Critique du nouveau livre de Henri Wehenkel, La République trahie 

Balbutiements révolutionnaires

d'Lëtzebuerger Land du 17.01.2020

Décidément, l’année 2019 aura été abondante en écrits sur la période mouvementée 1918/1919, époque cruciale de notre histoire nationale. Qu’il s’agisse des articles de presse des historiens Jacques Maas et Denis Scuto ou des publications très intéressantes de Pierre Even et de Josiane Weber, tous ces travaux de recherche publiés au courant de l’année du centenaire de la fin du règne de la Grande-Duchesse Marie-Adélaïde ont enrichi nos connaissances et élargi, sinon modifié, l’appréciation de cet épisode important du développement de notre pays.

L’historien Henri Wehenkel complète cette collection impressionnante d’écrits historiographiques par son ouvrage La République trahie publiée fin 2019 aux éditions d’Lëtzebuerger Land. Homme de gauche, intéressé par les questions de société, mais aussi attaché aux acteurs qui font partie de l’Histoire, Henri Wehenkel apporte un éclairage intéressant sur les différents évènements révolutionnaires ou prérévolutionnaires de novembre 1918 à janvier 1919 qui ont failli donner le coup de grâce au régime monarchique du Luxembourg.
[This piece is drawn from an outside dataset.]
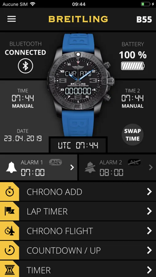 • Verify the state of your chronograph at just a glance and adjust your settings (UTC time, timezones, date, 7 alarms, synchronization of the hands, display.
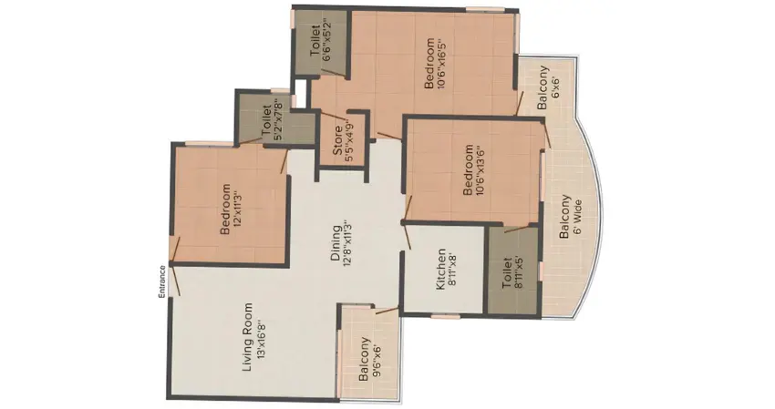 | Floor Type | Super Area (Sq. Ft.) | Carpet Area (Sq. Ft.) | Balcony Area (Sq. Ft.) | Approx. Pricing (INR) |

L’historien retrace les étapes et nous présente les personnages-clé « de ces deux mois d’incertitude, pendant lesquels on a essayé de réinventer le monde, de construire une république ». Loin de considérer ces mois de rebondissements politiques et d’agitation sociale comme un fait divers, l’historien engagé fixe l’origine de cette « révolution » dans la misère, la disette et les restrictions de tous genres que la Première Guerre mondiale a fait subir à la population du Luxembourg.

Les revendications d’ordre politique ou institutionnel étaient directement liées à des revendications d’ordre social, comme la demande d’instaurer la journée de travail de huit heures. Lorsque le 13 novembre 1919, la Chambre des Députés discutait du sort à réserver à la Grande-Duchesse et à la dynastie, les foules populaires présentes à Luxembourg étaient des cheminots venus s’informer de la reprise des chemins de fer par l’État.

Finalement, la motion adoptée, qui prévoyait la suspension de l’exercice des droits de la Grande-Duchesse Marie-Adélaïde en attendant la tenue d’un référendum, n’a jamais été mise en exécution. Elle se heurtait au texte de la Constitution qui ne prévoyait pas ce cas de figure, ni d’ailleurs une régence dans une telle hypothèse. Cette situation inextricable, on va la retrouver plus tard lors des journées révolutionnaires de janvier 1919. Selon moi, elle se résume en fait à une seule question : Peut-on faire la révolution en respectant l’État de droit ?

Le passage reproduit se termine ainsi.